** DATASET EXTRACT **
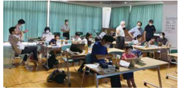
スクラッチプログラミング中です。

茶の湯をとおして非日常をあじわい、相手によりそい、感謝の心を・・・ 正座が苦手でもお茶に気軽に親しめるように企画したテーブル茶道の体験会になりました。 体験会では「茶の湯」の起原からはじまり、千利休の登場で『茶道』が確立され、そこから「一期一会」
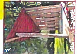
Dreieckpodest mit Pultdach
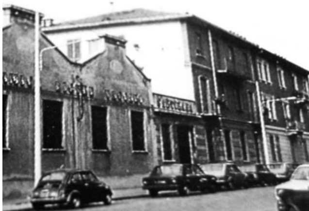
Immagine dei primi anni Ottanta del Novecento
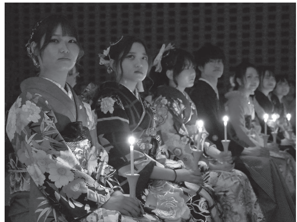
引き継いだ営火とともに成人としての社 会の役割を胸に誓う
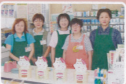
唐津地区 ひまわり東唐津店
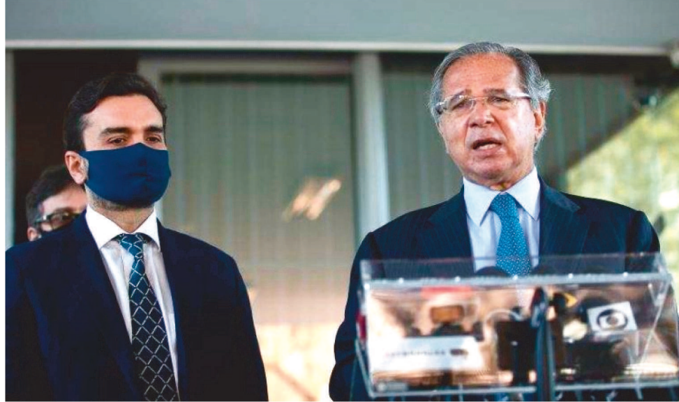
DEPUTADO CELSO SABINO AO LADO DO MINISTRO DA ECONOMIA PAULO GUEDES.

Sabino disse que tem observado muitos equívocos em cálculos que
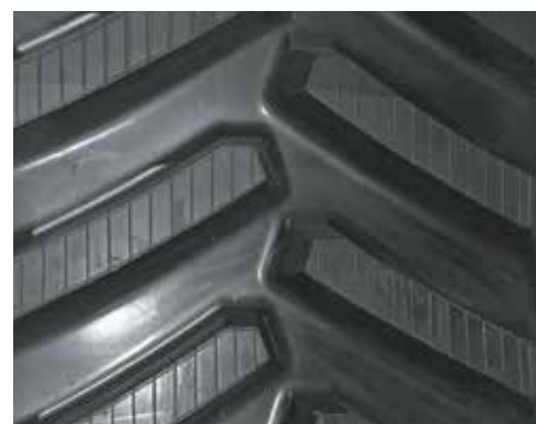
30" CHALLENGER MT800
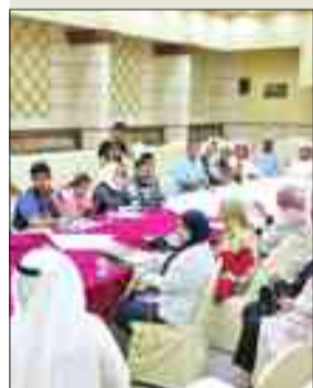
جانب من تحضيرات ملتقى التطوع

تقيم مجموعة «الكويت بقلوبنا» التطوعية، بالتعاون مع مدرسة الكويت الإنكليزية اليوم، ملتقى الفرق التطوعية الأول، بحضور الشايح أنيسة سالم الحمود، في السادسة مساءً بمركز تنمية المجتمع في منطقة صباح السالم.
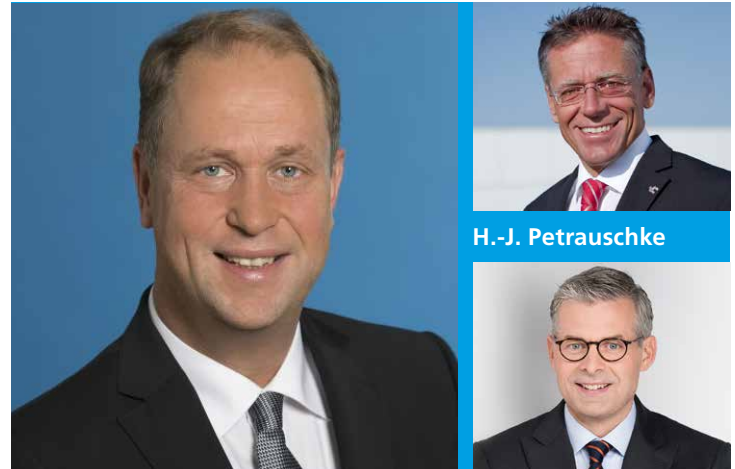
Dr. Joachim Stamp
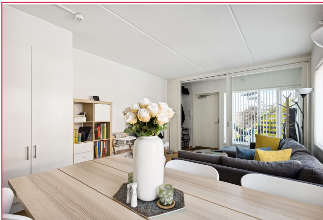
God plass for flere sittegrupper i stuen.
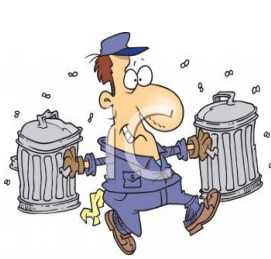
de vuilnisophaler l'éboueur
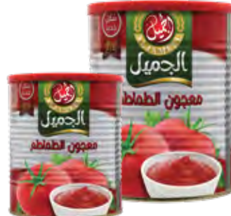
معجون طماطم Tomato Paste Origin: China

٨٣٠ x ١٢ ج الكرتون ٩,٩٦٠ كيلو 830g x 12 CARTON 9,960kg
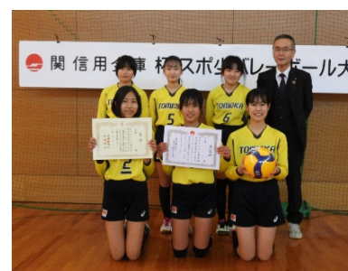
3位の富岡ヴィクトリーズA
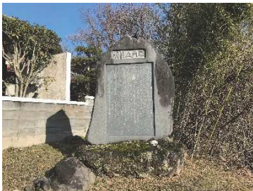
愛宕山山荘碑（石切場地区）
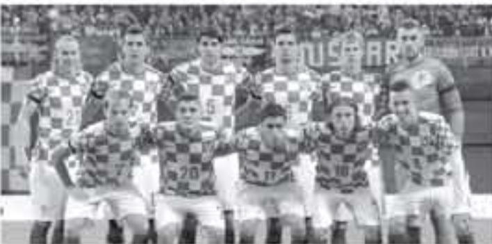
لندن - وكالات

التعاقد مع المدافع البالغ من العمر ٢٩ عاماً، ويسر فيدا مع لوفربين في دفاع منتخب كرواتيا خلال مونديال ٢٠١٨، يساهم بشكل كبير في احتلال منتخب بلادهم المركز الثاني في كأس العالم، وأضافت الشبكة "يشكلان سيق ورفض ٢٠ مليون جنيه إسترليني من وست هام، كما استقلت إدارة النادي التركي، بالعرض المقدم من إيفرتون لتضم اللاعب الكرواتي". وأتمت "يشكلان بيريد ٢٦ مليون جنيه إسترليني من أجل التنازل عن خدمات دوماجوي فيدا".
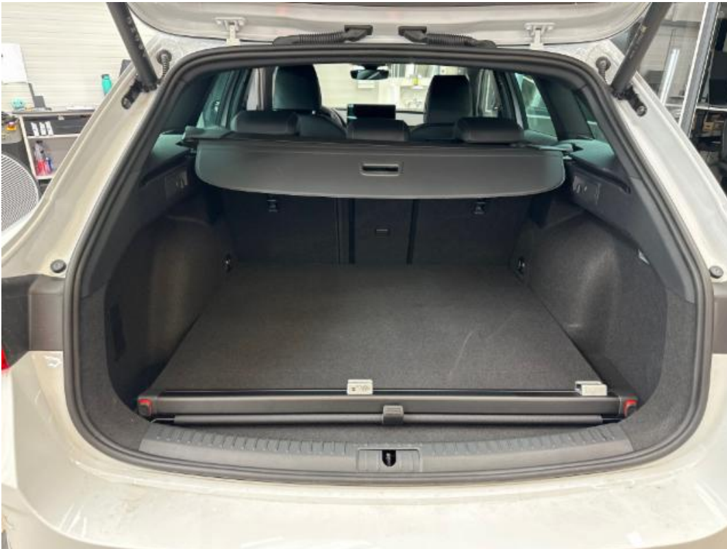
(17.) Beschreibung: o (Kofferraum geöffnet/Ladefläche - Abdeckung geöffnet)
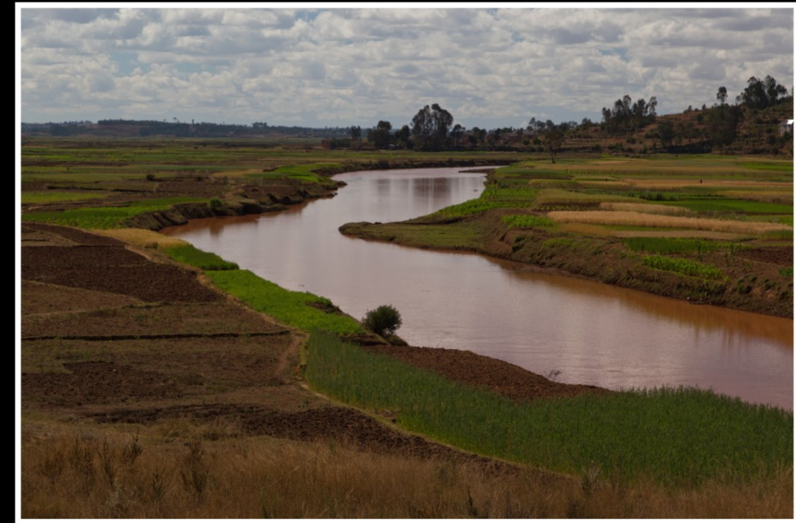
AUF DER FAHRT VON AMBOSITRA NACH ANTANANARIVO.
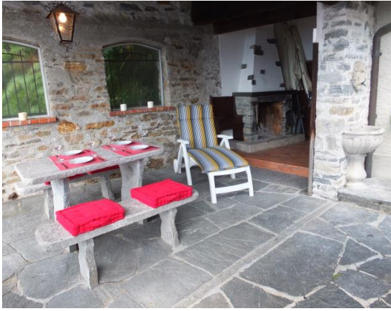
Frühstück im Grottino 1 mit Aussencheminee
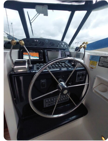
Tiara 3500 Open Sampei helm station
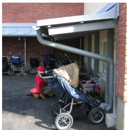
Barnvagnstak av obrännbart material, Magelungsskolan, förskola
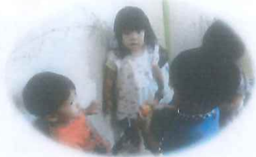
お星さまのポテトを食べたよ。
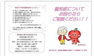
2 認知症初期集中支援チームの案内(砂川市)
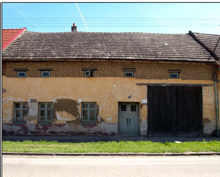
Usedlost č. 171. Jeden z domů reprezentující původní stavitelství v obci
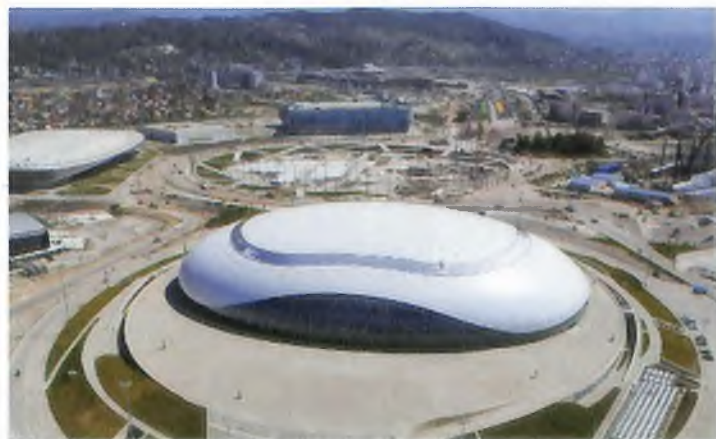
Јаан тош арена
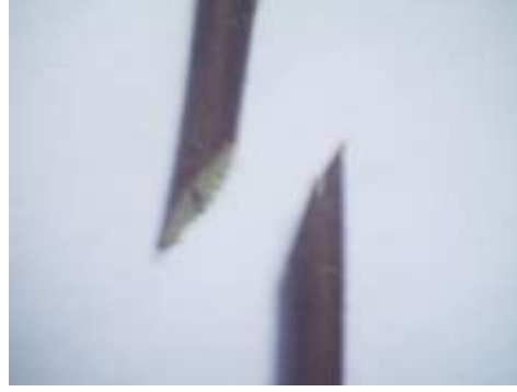
الشكل(5) تحضير الطعم والأصل
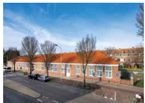
De Malle Mok
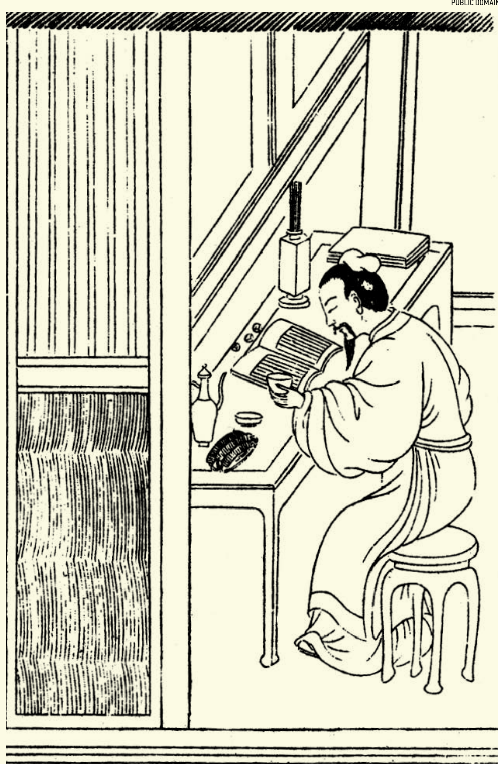
▲ Được – mắt trong mệnh đã được định sẵn, phú quý thuộc về người nào, quả thực là do Trời quyết định, sức người không thể thay đổi. (Ảnh minh họa)

Ngày hôm sau, tú tài Ất vội vàng đi vào trường thi, không hề hay biết chuyện gì đã xảy ra. Đến khi cậu viết bộ bài phú các vị Thần Tiên làm, vội vàng chép lại, một chữ cũng không sót. Hai người quý xuống trước tượng
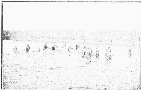
Eesti Lastesõprade Ühingu Keila suvekolonii lapsed suplemas.

Koloonia taotleb kaht eesmärki: 1) anda võimalust lastel kosuda. Tallinna hoolek. osak. kontrollandmetel jääb igal aastal kaugelt üle 1.500 koolialise lapse kolooniasse
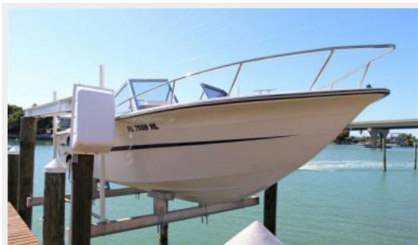
Bow W/Stainless Railing
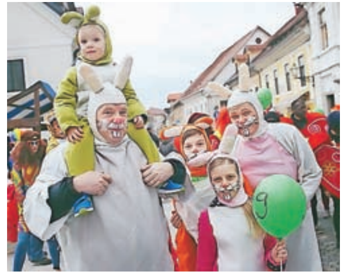
Na Kamniškem karnevalu je bilo letos še posebno veliko našemljenih družin pa tudi nekaj zanimivih skupinskih mask. / BESEDILO: JASNA PALADIN
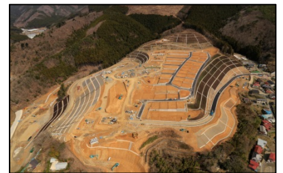
宮ヶ崎地区 (女川町)
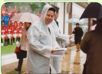
北朝鮮人権侵害問題啓発週間 (浦和駅前チラシ配布) -拉致問題解決のための署名集め-
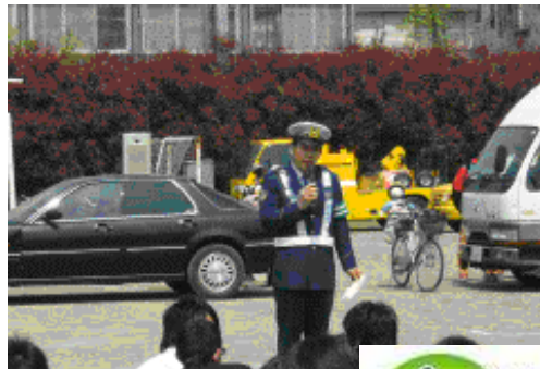
(交通安全課の講話)

全学年対象に板橋警察署交通安全課の講話とスタントマンによる事故再現によるセーフティー教室を行いました。高校で行うセーフティー教室にスタントを行うことは珍しく、板橋区役所や教育委員会からも見学がありました。
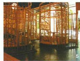
5. 斬新な円筒形デザインの空間でゆったり。平日ランチは予約がベター。

☎ 6837-3960 9 Raffles Blvd 01-11/12/13 Millenia Walk ☎ ランチ12:00～14:30 L.O ディナー18:00～22:00 L.O 無休
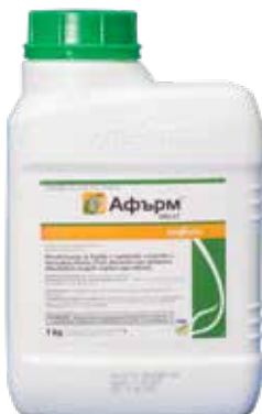
Афърм 095 СГ 1 кг
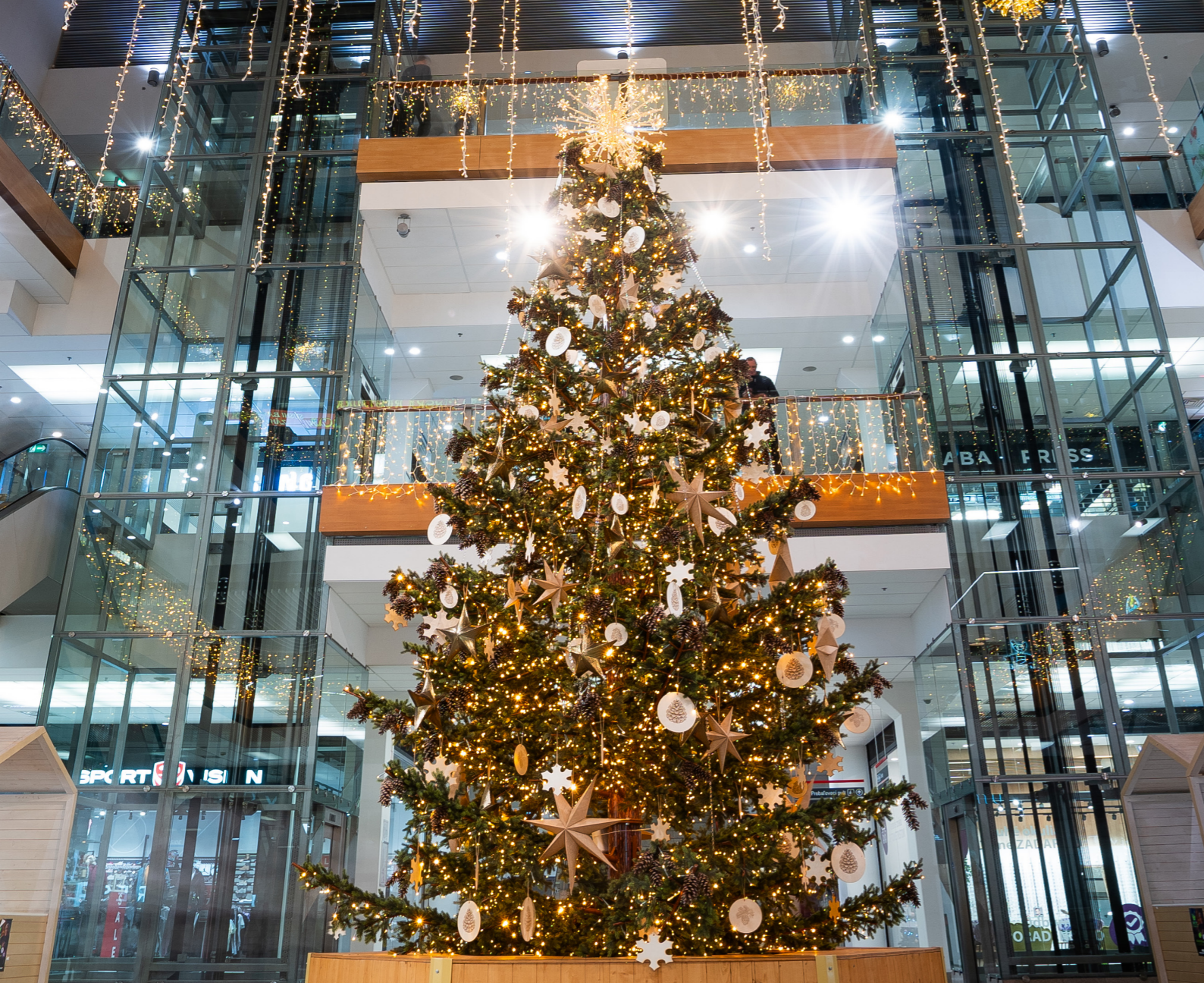
Banská Bystrica, Slovakia

** WHAT THE EXERCISE ASKS **
A word-for-word copy of the lines from the start of the listing through the line containing "Eesti Lastesõprade Ühingu" is the answer. Pictures stay out of it.

** WRITTEN RESPONSE **
スクラッチプログラミング中です。

茶の湯をとおして非日常をあじわい、相手によりそい、感謝の心を・・・ 正座が苦手でもお茶に気軽に親しめるように企画したテーブル茶道の体験会になりました。 体験会では「茶の湯」の起原からはじまり、千利休の登場で『茶道』が確立され、そこから「一期一会」
Dreieckpodest mit Pultdach
Immagine dei primi anni Ottanta del Novecento
引き継いだ営火とともに成人としての社 会の役割を胸に誓う
唐津地区 ひまわり東唐津店
DEPUTADO CELSO SABINO AO LADO DO MINISTRO DA ECONOMIA PAULO GUEDES.

Sabino disse que tem observado muitos equívocos em cálculos que
30" CHALLENGER MT800
جانب من تحضيرات ملتقى التطوع

تقيم مجموعة «الكويت بقلوبنا» التطوعية، بالتعاون مع مدرسة الكويت الإنكليزية اليوم، ملتقى الفرق التطوعية الأول، بحضور الشايح أنيسة سالم الحمود، في السادسة مساءً بمركز تنمية المجتمع في منطقة صباح السالم.
Dr. Joachim Stamp
God plass for flere sittegrupper i stuen.
de vuilnisophaler l'éboueur
معجون طماطم Tomato Paste Origin: China

٨٣٠ x ١٢ ج الكرتون ٩,٩٦٠ كيلو 830g x 12 CARTON 9,960kg
3位の富岡ヴィクトリーズA
愛宕山山荘碑（石切場地区）
لندن - وكالات

التعاقد مع المدافع البالغ من العمر ٢٩ عاماً، ويسر فيدا مع لوفربين في دفاع منتخب كرواتيا خلال مونديال ٢٠١٨، يساهم بشكل كبير في احتلال منتخب بلادهم المركز الثاني في كأس العالم، وأضافت الشبكة "يشكلان سيق ورفض ٢٠ مليون جنيه إسترليني من وست هام، كما استقلت إدارة النادي التركي، بالعرض المقدم من إيفرتون لتضم اللاعب الكرواتي". وأتمت "يشكلان بيريد ٢٦ مليون جنيه إسترليني من أجل التنازل عن خدمات دوماجوي فيدا".
(17.) Beschreibung: o (Kofferraum geöffnet/Ladefläche - Abdeckung geöffnet)
AUF DER FAHRT VON AMBOSITRA NACH ANTANANARIVO.
Frühstück im Grottino 1 mit Aussencheminee
Tiara 3500 Open Sampei helm station
Barnvagnstak av obrännbart material, Magelungsskolan, förskola
お星さまのポテトを食べたよ。
2 認知症初期集中支援チームの案内(砂川市)
Usedlost č. 171. Jeden z domů reprezentující původní stavitelství v obci
Јаан тош арена
الشكل(5) تحضير الطعم والأصل
De Malle Mok
▲ Được – mắt trong mệnh đã được định sẵn, phú quý thuộc về người nào, quả thực là do Trời quyết định, sức người không thể thay đổi. (Ảnh minh họa)

Ngày hôm sau, tú tài Ất vội vàng đi vào trường thi, không hề hay biết chuyện gì đã xảy ra. Đến khi cậu viết bộ bài phú các vị Thần Tiên làm, vội vàng chép lại, một chữ cũng không sót. Hai người quý xuống trước tượng
Eesti Lastesõprade Ühingu Keila suvekolonii lapsed suplemas.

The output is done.